Information
- Established: 15 January 1974; 52 years ago
- Classes: Playgroup - Class 12
- Enrollment: c.2,000 - 3,000 (2010)
- Language: English

= Sunbeams School =

Private school in Bangladesh

Sunbeams School is a private English medium school in Dhaka, Bangladesh. It was founded by Principal Niloufer Manzur on 15 January 1974. As of 2010, it had an enrollment of between 2,000 and 3,000.

Until 1994 the school provided education through Grade 5, but Sunbeams is now running IAL (International Advanced Level) exams as well. The school's mascot is the Rising Sun with seven beams.

Sunbeams school has two campuses, one is located in the residential area of Dhanmondi and conducts classes from Playgroup to Class 4. The other campus is located in Uttara and has classes from Playgroup to Class 12.

Sunbeams has two branches:
- Junior section, in Dhanmondi Road 27 - Playgroup, Nursery, KG-1, KG-2, Class-1, Class-2, Class-3 and Class-4
- Uttara campus, in Sector 10, Uttara - Playgroup, Nursery, KG-1, KG-2, Class-1, Class-2, Class-3, Class-4, Class-5, Class-6, Class-7, Class-8, Class-9, Class-10, 'O' Levels and 'A' Levels.

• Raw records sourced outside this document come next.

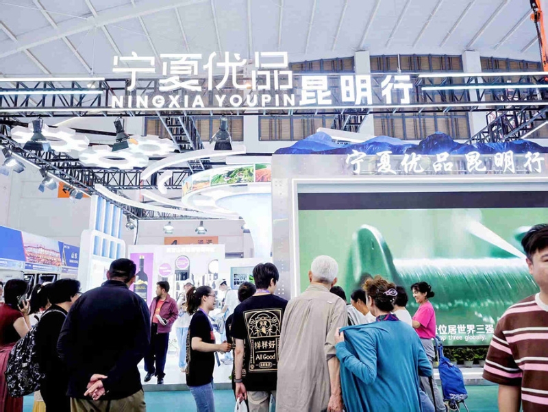 6月19日,观众在宁夏特装展区观展。当天,第9届中国-南亚博览会暨第29届中国昆明进出口商品交易会在云南省昆明市开幕。自治区商务厅与石嘴山市携手联动,精心组织20家特色优势企业,以“宁夏优品昆明行”(石嘴山专场)活动为载体,亮相昆明·滇池国际会展中心,设置占地144平方米的宁夏特装展区,展示宁夏独特地域特色和产业魅力。记者 杨娟 摄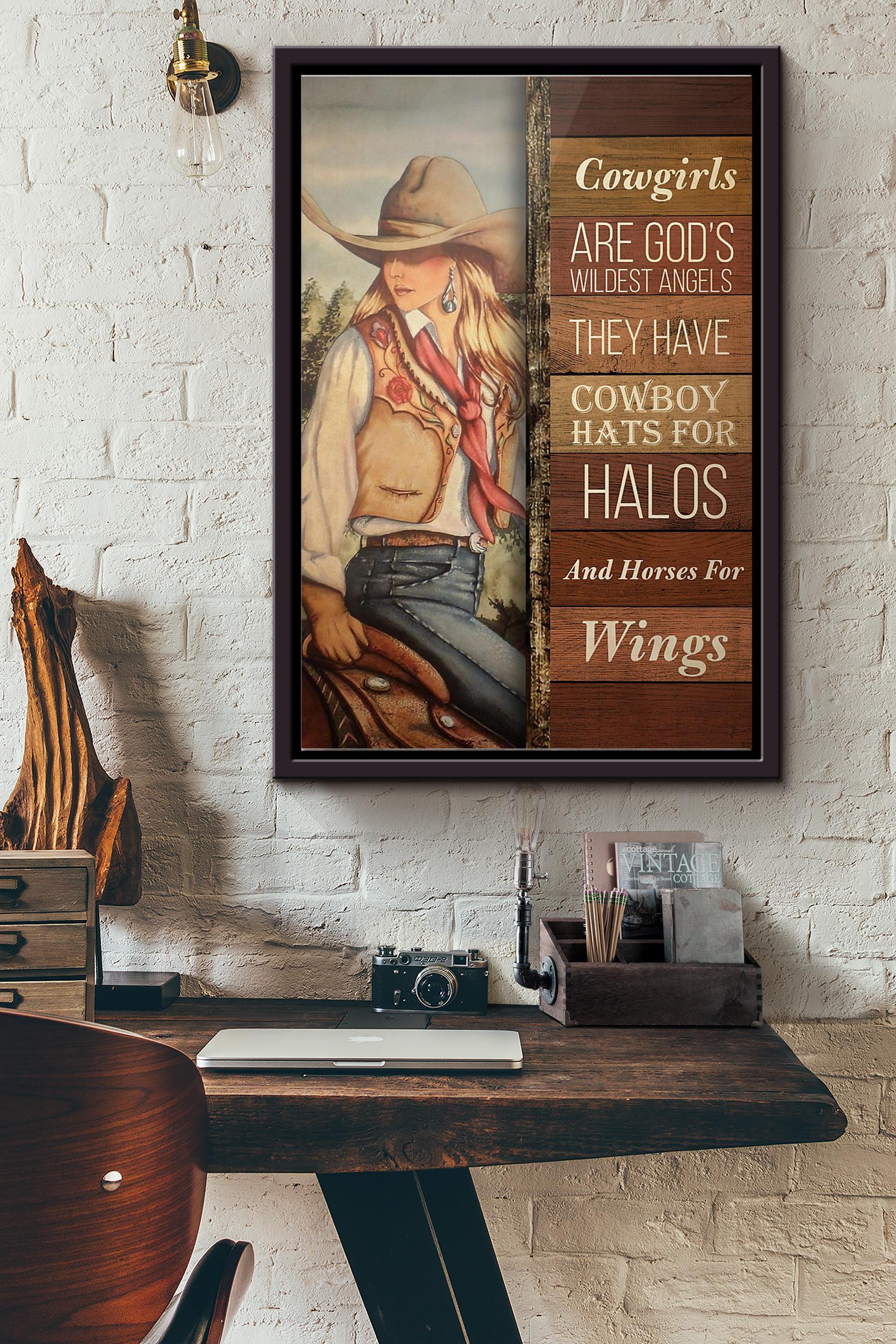Cowgirls Are Gods Wildest Angels They Have Cowboy Hats For Halos Poster Framed Matte Canvas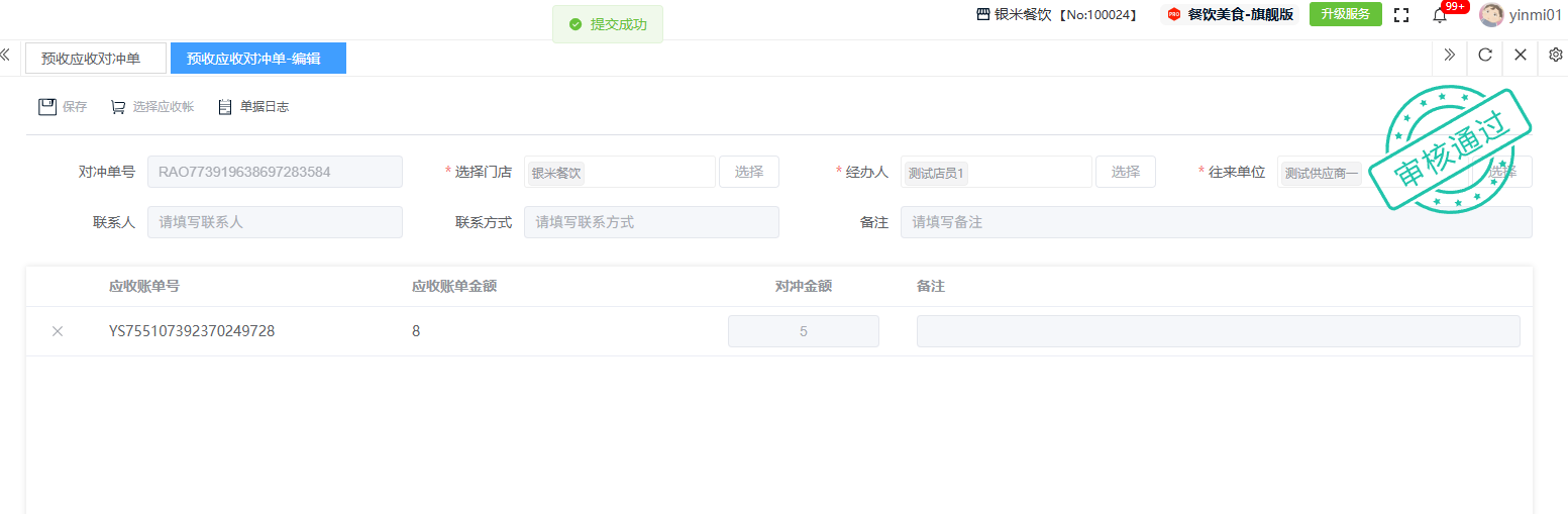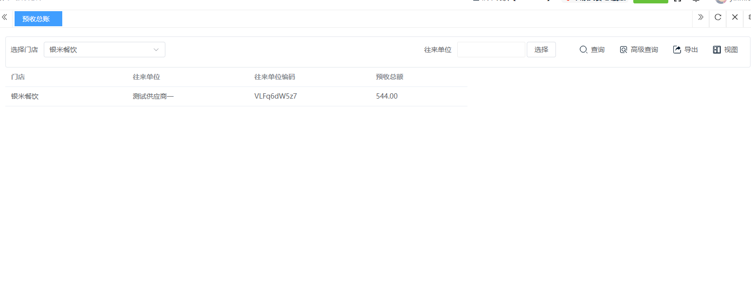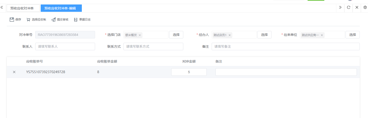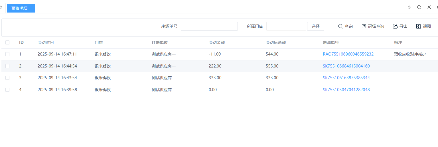 ## 预收款 预收款是企业根据合同约定,在向客户提供商品或服务前,预先收取的款项。包含:预收总账、预收明细、预收应收对冲单。 如图所示  一、预收总账是财务会计系统中,用于汇总核算企业所有预收账款总括情况的统驭性账户,属于负债类科目。可选择门店查看。包含:门店、往来单位、往来单位编码、预收总额。 如图所示  二、预收明细是企业财务管理中,按客户、项目或合同等维度建立的预收账款辅助核算账,详细记录每笔预收款的收取、结转收入及余额信息。包含:变动金额、门店、往来单位、变动金额、变动后金额、来源单号(点击进入预收应收对冲单)。 如图所示  三、预收应收对冲单是企业用于核销预收账款与应收账款的内部会计凭证。当企业向客户完成商品交付或服务提供后,将已预收的款项转为正式收入,并核销对应的应收账款。包含:单据编号、门店、往来单位等。功能包含:新增、查看、编辑、审核、删除、详情。 如图所示  1、点击“新增”、录入所有相关内容,点击“保存 ”即可完成新增。如图所示  A、选择收入门店、往来单位、经办人。如图所示  B、填写联系人、联系方式、备注。如图所示  C、点击“选择应付帐,选择账单,需要输入对冲金额。点击“X”可删除项目。如图所示  2、点击“查看”或者“单据编号”可查看预付应付对冲单的详情。如图所示  3、点击“编辑”可修改预付应付对冲单的所有内容,修改完成后点击“保存”即可完成,然后点击”提交审核“。 如图所示  4、点击“审核“,选择”通过“或者”拒绝“,即可完成审核。如图所示  5、点击”删除“,右侧为”行删除“,左上角为”列删除“。如图所示  6、点击“详情”,便于查看门店的应收账单的明细。如图所示

The Uttara campus is the main campus, containing the Senior Section and administrative buildings. It is the larger of the two campuses, built in 2008, and consists of one building and one football field and both an indoor and outdoor basketball court. The Uttara campus has a canteen, an auditorium, a biology/physics laboratory, a chemistry lab and many other things which the junior (Dhanmondi) campus does not.